**EXERCISE INSTRUCTIONS**
Which lines run from the start of the data below to the line containing "つまり原材料に「葉酸」とでて"? Set them down exactly, with none added.

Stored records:
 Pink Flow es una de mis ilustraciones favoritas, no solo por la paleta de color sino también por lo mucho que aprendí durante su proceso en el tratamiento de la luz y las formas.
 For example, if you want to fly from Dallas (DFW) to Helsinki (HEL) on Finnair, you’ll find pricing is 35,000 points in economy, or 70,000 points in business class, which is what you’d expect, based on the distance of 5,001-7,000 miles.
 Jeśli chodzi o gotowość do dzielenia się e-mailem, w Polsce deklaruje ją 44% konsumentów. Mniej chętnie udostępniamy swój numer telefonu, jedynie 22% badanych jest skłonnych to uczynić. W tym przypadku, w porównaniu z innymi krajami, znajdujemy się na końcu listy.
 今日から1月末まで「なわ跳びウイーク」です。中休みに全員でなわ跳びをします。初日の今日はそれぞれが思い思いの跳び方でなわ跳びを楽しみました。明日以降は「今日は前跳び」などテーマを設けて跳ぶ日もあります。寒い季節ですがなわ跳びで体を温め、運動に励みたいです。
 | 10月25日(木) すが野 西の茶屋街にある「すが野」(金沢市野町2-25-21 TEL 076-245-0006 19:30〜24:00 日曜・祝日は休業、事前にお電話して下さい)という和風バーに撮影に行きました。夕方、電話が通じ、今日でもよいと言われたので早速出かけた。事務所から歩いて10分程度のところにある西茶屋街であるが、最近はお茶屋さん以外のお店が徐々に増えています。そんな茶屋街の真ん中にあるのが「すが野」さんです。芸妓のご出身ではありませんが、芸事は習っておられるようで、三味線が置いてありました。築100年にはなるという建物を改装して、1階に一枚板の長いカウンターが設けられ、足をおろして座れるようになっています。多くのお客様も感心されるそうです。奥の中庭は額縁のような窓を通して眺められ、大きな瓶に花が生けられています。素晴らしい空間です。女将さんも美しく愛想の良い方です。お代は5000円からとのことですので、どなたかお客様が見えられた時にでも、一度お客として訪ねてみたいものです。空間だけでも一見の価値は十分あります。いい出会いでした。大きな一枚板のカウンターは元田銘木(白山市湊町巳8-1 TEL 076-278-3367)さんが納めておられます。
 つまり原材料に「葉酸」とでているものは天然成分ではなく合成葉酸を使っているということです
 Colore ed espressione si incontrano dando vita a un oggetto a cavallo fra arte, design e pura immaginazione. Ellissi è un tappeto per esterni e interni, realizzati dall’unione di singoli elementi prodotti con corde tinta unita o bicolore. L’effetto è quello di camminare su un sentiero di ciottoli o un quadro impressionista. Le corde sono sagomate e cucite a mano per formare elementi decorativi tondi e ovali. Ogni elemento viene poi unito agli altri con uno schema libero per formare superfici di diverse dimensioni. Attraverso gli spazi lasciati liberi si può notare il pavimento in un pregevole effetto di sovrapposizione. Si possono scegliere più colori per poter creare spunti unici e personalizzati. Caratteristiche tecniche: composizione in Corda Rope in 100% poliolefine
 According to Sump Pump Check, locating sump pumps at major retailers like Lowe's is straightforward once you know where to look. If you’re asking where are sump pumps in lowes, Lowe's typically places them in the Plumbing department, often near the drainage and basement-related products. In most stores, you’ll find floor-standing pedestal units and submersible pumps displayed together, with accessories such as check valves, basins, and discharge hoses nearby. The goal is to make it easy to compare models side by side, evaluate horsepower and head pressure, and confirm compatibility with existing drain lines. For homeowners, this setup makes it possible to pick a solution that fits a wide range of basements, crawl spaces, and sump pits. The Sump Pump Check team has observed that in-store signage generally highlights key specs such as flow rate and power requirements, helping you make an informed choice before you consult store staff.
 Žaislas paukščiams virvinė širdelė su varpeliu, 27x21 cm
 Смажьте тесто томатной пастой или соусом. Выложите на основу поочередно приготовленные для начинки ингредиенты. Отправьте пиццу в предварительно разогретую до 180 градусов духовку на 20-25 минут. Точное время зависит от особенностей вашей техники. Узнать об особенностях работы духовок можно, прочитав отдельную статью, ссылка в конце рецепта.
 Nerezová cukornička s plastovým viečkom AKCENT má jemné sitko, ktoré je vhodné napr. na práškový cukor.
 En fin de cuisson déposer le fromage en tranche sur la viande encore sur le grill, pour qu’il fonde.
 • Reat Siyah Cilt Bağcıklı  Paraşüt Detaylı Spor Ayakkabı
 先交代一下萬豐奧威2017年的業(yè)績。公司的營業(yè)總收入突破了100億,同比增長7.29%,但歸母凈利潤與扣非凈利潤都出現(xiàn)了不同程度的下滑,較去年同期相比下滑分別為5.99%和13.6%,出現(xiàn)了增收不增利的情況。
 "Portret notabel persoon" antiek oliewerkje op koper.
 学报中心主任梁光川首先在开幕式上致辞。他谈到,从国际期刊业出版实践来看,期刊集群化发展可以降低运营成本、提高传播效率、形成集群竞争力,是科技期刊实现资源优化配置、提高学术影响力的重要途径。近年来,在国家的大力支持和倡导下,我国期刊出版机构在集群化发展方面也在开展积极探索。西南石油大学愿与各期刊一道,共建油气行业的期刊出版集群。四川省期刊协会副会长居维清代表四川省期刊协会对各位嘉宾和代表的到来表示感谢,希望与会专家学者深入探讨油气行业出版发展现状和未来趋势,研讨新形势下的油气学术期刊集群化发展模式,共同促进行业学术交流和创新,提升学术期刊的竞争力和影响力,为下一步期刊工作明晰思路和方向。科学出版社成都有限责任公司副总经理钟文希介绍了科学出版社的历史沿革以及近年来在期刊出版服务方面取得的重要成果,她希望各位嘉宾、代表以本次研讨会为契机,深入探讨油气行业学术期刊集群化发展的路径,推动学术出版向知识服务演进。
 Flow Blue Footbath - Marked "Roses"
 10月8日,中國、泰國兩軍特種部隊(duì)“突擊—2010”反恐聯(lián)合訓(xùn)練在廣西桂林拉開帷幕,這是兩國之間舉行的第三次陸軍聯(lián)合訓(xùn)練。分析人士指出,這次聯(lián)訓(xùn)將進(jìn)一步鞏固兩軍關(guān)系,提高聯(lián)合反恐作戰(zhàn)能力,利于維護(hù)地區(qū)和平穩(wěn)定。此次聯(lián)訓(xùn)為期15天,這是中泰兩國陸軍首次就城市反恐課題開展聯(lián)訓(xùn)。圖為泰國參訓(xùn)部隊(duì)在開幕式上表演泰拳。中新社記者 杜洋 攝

**ANSWER TO THIS EXERCISE**
 Pink Flow es una de mis ilustraciones favoritas, no solo por la paleta de color sino también por lo mucho que aprendí durante su proceso en el tratamiento de la luz y las formas.
 For example, if you want to fly from Dallas (DFW) to Helsinki (HEL) on Finnair, you’ll find pricing is 35,000 points in economy, or 70,000 points in business class, which is what you’d expect, based on the distance of 5,001-7,000 miles.
 Jeśli chodzi o gotowość do dzielenia się e-mailem, w Polsce deklaruje ją 44% konsumentów. Mniej chętnie udostępniamy swój numer telefonu, jedynie 22% badanych jest skłonnych to uczynić. W tym przypadku, w porównaniu z innymi krajami, znajdujemy się na końcu listy.
 今日から1月末まで「なわ跳びウイーク」です。中休みに全員でなわ跳びをします。初日の今日はそれぞれが思い思いの跳び方でなわ跳びを楽しみました。明日以降は「今日は前跳び」などテーマを設けて跳ぶ日もあります。寒い季節ですがなわ跳びで体を温め、運動に励みたいです。
 | 10月25日(木) すが野 西の茶屋街にある「すが野」(金沢市野町2-25-21 TEL 076-245-0006 19:30〜24:00 日曜・祝日は休業、事前にお電話して下さい)という和風バーに撮影に行きました。夕方、電話が通じ、今日でもよいと言われたので早速出かけた。事務所から歩いて10分程度のところにある西茶屋街であるが、最近はお茶屋さん以外のお店が徐々に増えています。そんな茶屋街の真ん中にあるのが「すが野」さんです。芸妓のご出身ではありませんが、芸事は習っておられるようで、三味線が置いてありました。築100年にはなるという建物を改装して、1階に一枚板の長いカウンターが設けられ、足をおろして座れるようになっています。多くのお客様も感心されるそうです。奥の中庭は額縁のような窓を通して眺められ、大きな瓶に花が生けられています。素晴らしい空間です。女将さんも美しく愛想の良い方です。お代は5000円からとのことですので、どなたかお客様が見えられた時にでも、一度お客として訪ねてみたいものです。空間だけでも一見の価値は十分あります。いい出会いでした。大きな一枚板のカウンターは元田銘木(白山市湊町巳8-1 TEL 076-278-3367)さんが納めておられます。
 つまり原材料に「葉酸」とでているものは天然成分ではなく合成葉酸を使っているということです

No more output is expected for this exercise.